The prosecutor reasoned that they had something to do with the killings, but could not prove anything so no arrests were made. The story disappeared from the newspapers.
The prime suspects
Willie Stevens and Frances Hall
But four years later, in November of 1926, the prosecutors finally decided to try the case against Frances Stevens Hall, her brother Willie Stevens, and another brother as well as a cousin who would be tried separately.

As the Hall-Mills murder trial was set to begin the national media jumped on the story again with daily front-page coverage.

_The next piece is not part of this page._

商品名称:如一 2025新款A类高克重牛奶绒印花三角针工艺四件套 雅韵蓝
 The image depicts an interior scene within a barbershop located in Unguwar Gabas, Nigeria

Each day of the trial saw a fully packed courtroom with both curiosity seekers and hundreds of members of the national press.
The Courthouse was packed every day of the trial
But the prosecution still had a weak case. A business card belonging to the Reverend had been found at the foot of his dead body that had a partial (controversial) fingerprint on it that they claimed belonged to Willie Stevens. But at the murder scene that card had been contaminated as it had been passed around by many curious onlookers.

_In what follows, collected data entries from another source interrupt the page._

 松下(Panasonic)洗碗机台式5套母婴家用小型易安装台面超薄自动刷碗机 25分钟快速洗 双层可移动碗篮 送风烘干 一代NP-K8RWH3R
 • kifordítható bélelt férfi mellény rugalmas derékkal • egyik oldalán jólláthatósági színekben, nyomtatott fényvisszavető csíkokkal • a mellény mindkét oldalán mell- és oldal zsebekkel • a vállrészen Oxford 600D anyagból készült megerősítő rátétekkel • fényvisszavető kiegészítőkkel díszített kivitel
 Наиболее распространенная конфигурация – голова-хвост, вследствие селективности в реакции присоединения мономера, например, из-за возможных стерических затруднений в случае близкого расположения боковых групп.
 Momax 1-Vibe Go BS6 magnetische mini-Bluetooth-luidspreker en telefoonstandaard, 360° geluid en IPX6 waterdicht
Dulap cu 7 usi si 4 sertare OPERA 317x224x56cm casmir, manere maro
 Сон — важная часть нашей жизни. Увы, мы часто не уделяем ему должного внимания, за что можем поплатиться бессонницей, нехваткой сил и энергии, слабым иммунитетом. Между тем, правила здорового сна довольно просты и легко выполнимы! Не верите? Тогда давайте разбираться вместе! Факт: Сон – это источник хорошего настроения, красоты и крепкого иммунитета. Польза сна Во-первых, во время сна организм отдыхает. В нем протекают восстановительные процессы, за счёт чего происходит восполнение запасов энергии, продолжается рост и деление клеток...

The prosecution did have someone who said she witnessed the killings. But this was a very strange woman who had only come forward a suspicious two weeks after the murders. This woman owned a farm with many pigs one mile away from the murder scene. She was described as a nut and storyteller. Those who knew her farm said it was disgusting. For the trial she would be known as “the pig woman”.
The bodies were found off Easton Avenue and
Franklin Boulevard (in 1922 it was called Debussey Lane)
Her claim was that on the night of the murders she was pursuing a “corn thief” on her mule when she accidentally came across a group of people arguing in “lover’s lane”. Unseen by the group she stopped to observe – but she said that it was hard to see as it was quite dark. She said tensions escalated and four shots were fired resulting in a man and a woman falling to the ground and then she quickly returned home.

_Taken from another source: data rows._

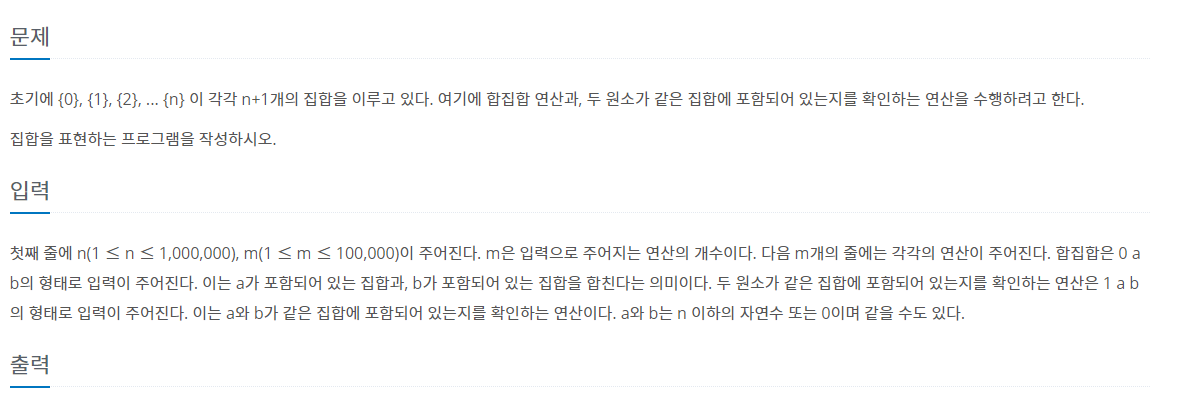 - 백준 유니온 파인드 기본 문제를 통해 구현했습니다! (주석을 통해 설명했습니다!)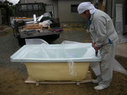 現場に設備、備品を運び込み外で浴槽の穴明け加工等の準備作業を行います!!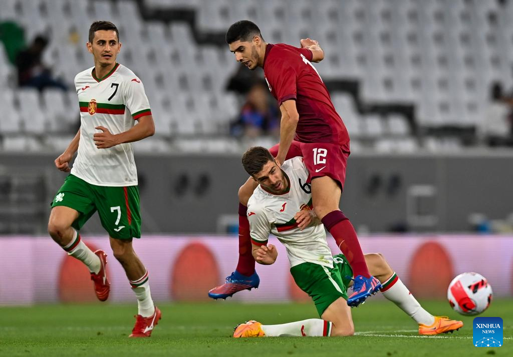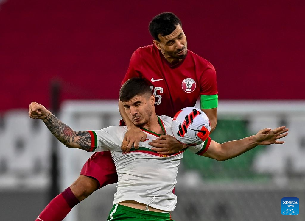 Karim Boudiaf (R top) of Qatar vies for the ball with Petko Hristov of Bulgaria during the international friendly match between Qatar and Bulgaria at Education City Stadium in Doha, Qatar, March 26, 2022. (Photo by Nikku/Xinhua)

To add to her bizarre tale, she said she had lost a moccasin in her hurried exit and thus two hours later headed back again on her mule to the scene. This time she said the night was well lit and she saw clearly Frances Stevens Hall alone sobbing over her husband’s dead body.
The location of the bodies was here.
The bodies themselves were never photographed.
It sounded entirely unbelievable, but when the prosecutors checked the astrological charts it was found that the moon had risen over the horizon between her visits thus explaining the discrepancies in the lighting conditions.
Today on Rodney Avenue a housing development
is where a farm once was.
Still disbelieving the pig woman’s incredible story, the prosecutor, doing his due diligence, took her to the New Brunswick Train Station as she claimed that she did get a good look at one of the men at the murder scene, but she did not know him. (Ironically this “good look” was during her first visit when it was much darker.) So, the prosecutor thought just maybe at the busy train station she might run across the man that she said she saw.

Surprisingly she picked out a man who turned out to be a cousin of Frances Stevens Hall – the suspect in the murder. Was the pig woman’s bizarre story actually true? The desperate prosecution had little evidence to put forward in their case so they would make her the star witness in the Hall-Mills murder trial.
One Raritan man Ed Tillman was on the jury.
He is 5th from left.
However, days before the pig woman’s scheduled date to testify she became deathly ill and was admitted to a hospital.

But they still needed her in the courtroom to testify so she was brought into the courtroom on a stretcher and placed in a hospital bed. From there she gave her testimony as a doctor and nurse monitored her vital signs. The photo of her in the bed in the court room is one of the most incredible photos in judicial history.
The Pig Woman testifies in a bed in the courtroom
Her story was not believed by the jury. And that fingerprint evidence was torn apart by the defense. At the trial’s end the jury returned a verdict of “not guilty” in just a few hours. The widow of the slain Reverend, Frances Stevens Hall, along with her brothers were free. The cousin, who was to be tried later separately, had the charges dropped.

The crime for the murder of Reverend Hall and the choir girl Eleanor Mills remains unsolved. Today artifacts from the case are on display in the jury room of the courthouse.